Près de 150 ans après sa réalisation, un portrait inédit sur le marché de l’art peint par John Singer Sargent (1856-1925) sera bientôt en vente à Paris. Réalisé en 1879, le Portrait de René Kieffer est resté depuis sa création dans la famille du modèle et n’a jamais été proposé sur le marché de l’art. L’œuvre, estimée entre 80 000 et 120 000 euros, sera mise aux enchères le 21 septembre 2026 à 14 heures à Drouot, par la maison de ventes Aurélien Lechertier.
Exécuté alors que l’artiste n’a que 23 ans, ce portrait appartient aux années parisiennes qui jouent un rôle déterminant dans sa formation. Installé dans la capitale depuis plusieurs années, Argent travaille dans l’atelier de Carolus-Duran, dont il devient l’un des élèves les plus brillants. Il y développe, pendant dix ans, un langage pictural nourri par l’étude des maîtres espagnols, notamment Velázquez et Goya. Selon les organisateurs de la vente, le tableau « s’inscrit pleinement dans cette décennie fondatrice. Réalisé au moment où le jeune peintre affirme sa personnalité artistique, il témoigne de la maîtrise déjà remarquable qui caractérise ses premières commandes parisiennes. Les qualités d’observation, la subtilité psychologique et la liberté de la touche qui s’y expriment annoncent les chefs-d’œuvre qui seront présentés quelques années plus tard aux Salons de Paris avant de consacrer définitivement John Singer Sargent sur la scène internationale ».

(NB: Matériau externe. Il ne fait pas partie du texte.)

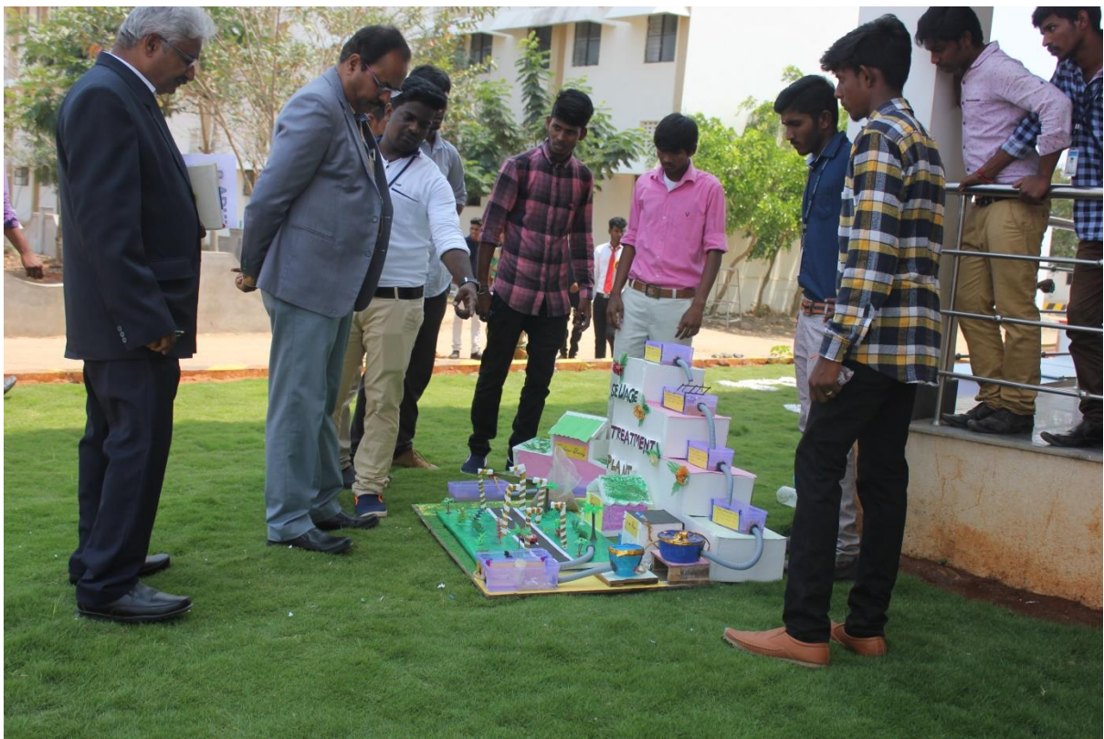
Model Making "Sewage treatment plant" III year civil Students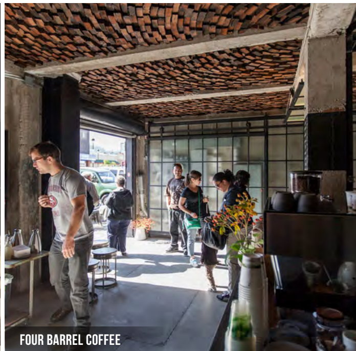
FOUR BARREL COFFEE

Sujet du tableau, René Kieffer, né en 1870, est le fils d’Eugène Kieffer, avoué auprès de la Cour d’appel de Paris. Issu de la bourgeoisie parisienne, son père avait commandé à Sargent les portraits de ses deux enfants, René et Jeanne. Les deux tableaux, de dimensions identiques, formaient à l’origine un diptyque. Le portrait de Jeanne a été vendu à New York en 1985, tandis que celui de René est demeuré dans la descendance du modèle. En 1965, l’historien de l’art américain Charles Merrill Mount avait tenté de l’acquérir, sans succès, et la famille avait alors choisi de conserver l’œuvre. La vente de cette huile sur toile intervient judicieusement quelques mois après l’exposition « John Singer Sargent – Éblouir Paris » au musée d’Orsay, consacrée aux années parisiennes de l’artiste. Le portrait de René n’était pourtant pas présent dans cette manifestation, au contraire de celui de sa sœur Jeanne.